The first time I had seen a therapist I was in college, terrified of my biological parents finding out. My emotional walls were still reinforced, but the limited amount of information I had disclosed managed to concern her. Our very first sesion, she was deeply concerned for my wellbeing and even walked me over to a university-ran campus physician who prescribed me antidepressants. I continued therapy with her, and discussed started the process of opening up about my feelings. By the time graduation day came around, my biological parents had picked up on the body language of my therapist. My biological parents introduced themselves to her and learned that I was seeing her. Already highly alarmed, they threatened her when she disclosed that she had almost hospitalized me for what I had told her. My biological parents then threatened her and spouted fear surrounding what would have happened to me should I actually be hospitalized. My ideal mom wouldn’t have threatened her when she learned I was seeing a therapist. She would have helped me work through my feelings and actually been there for me instead of issuing a threat. She would have been emotionally supportive instead of making my graduation day worse than it already was – just like she did with my sister.
After a suicidal gesture, I self-admitted to a hospital for treatment. I had hit rock bottom in my life and I knew I needed help. At the time, my parents were regularly calling me and I wasn’t able to have my phone while in treatment (along with having clothing containing zippers and other items). I had called them through a hospital phone and let them know that I was alright, completing hiding the fact that I had made a suicidal gesture or even letting them know where I was. Looking back, it seems ridiculous that I had to hide all of this from them, but that’s the kind of relationship I had with my biological parents. Only a single person knew where I was — the friend who had driven me there. My ideal mother would have open to hearing about what had happened, been supportive of me, emotionally supportive, cared for me and shown some compassion. Instead of I feared about her finding out that I was in crisis.

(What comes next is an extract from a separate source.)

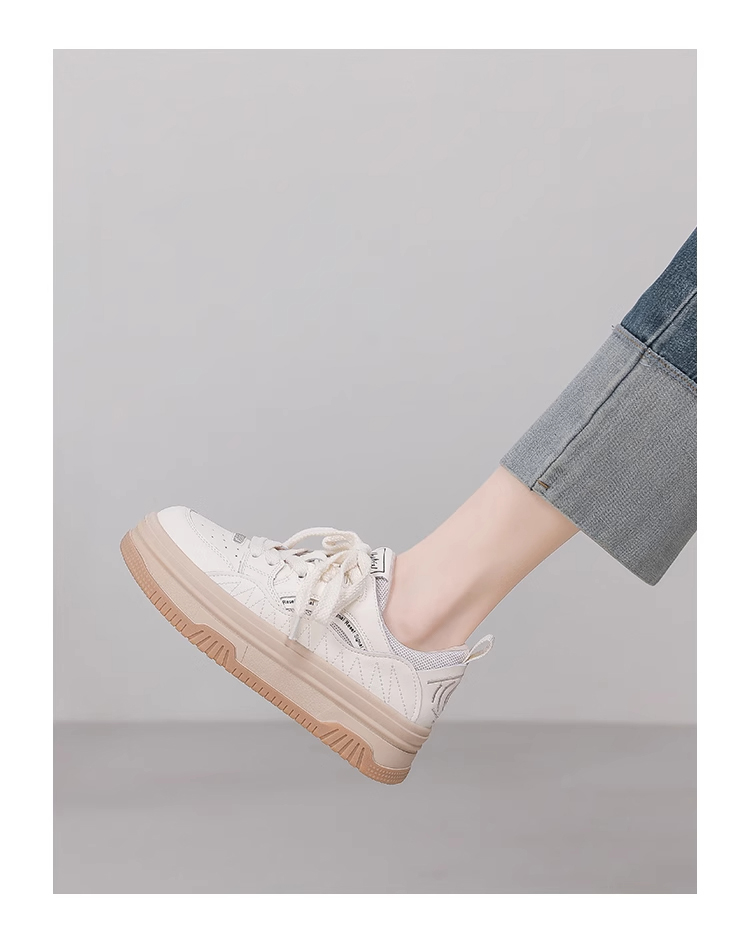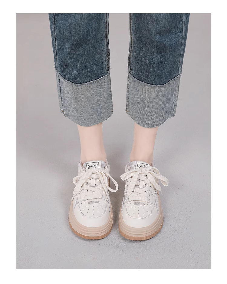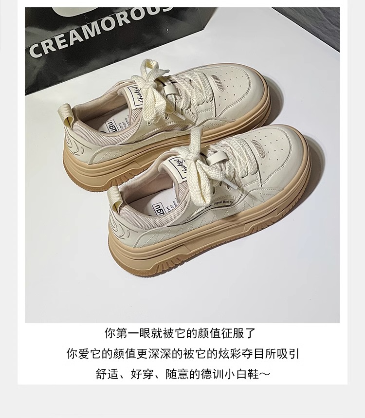 Hong Kong Versatile Sports Sneakers for Women 2025 Spring and Autumn Thick-Soled Large-Toe Shoes Genuine Leather Fashion Casual White Shoes German Training Shoes

When I finally came out to my parents on “National Coming Out Day,” it was not well received. I later found out they prayed for me to no longer be transgender. Coming out to your parents is a huge event in the LGBT+ community. Mine was filled with fear. My ideal mom would have welcomed me with open arms, embraced her daughter, and made sure she felt welcome to express herself. Instead I was made to feel like a pariah.
In therapy, we keep discussing what my ideal parents would do in various scenarios. How they would have been supportive, how they would have been there for me, how they would have spent time with me, learned about who I was as a person, and inspired me. Instead, they’re a large part of why my childhood was traumatic.
Children don’t get traumatized because they get hurt; they get traumatized because they’re alone with the hurt.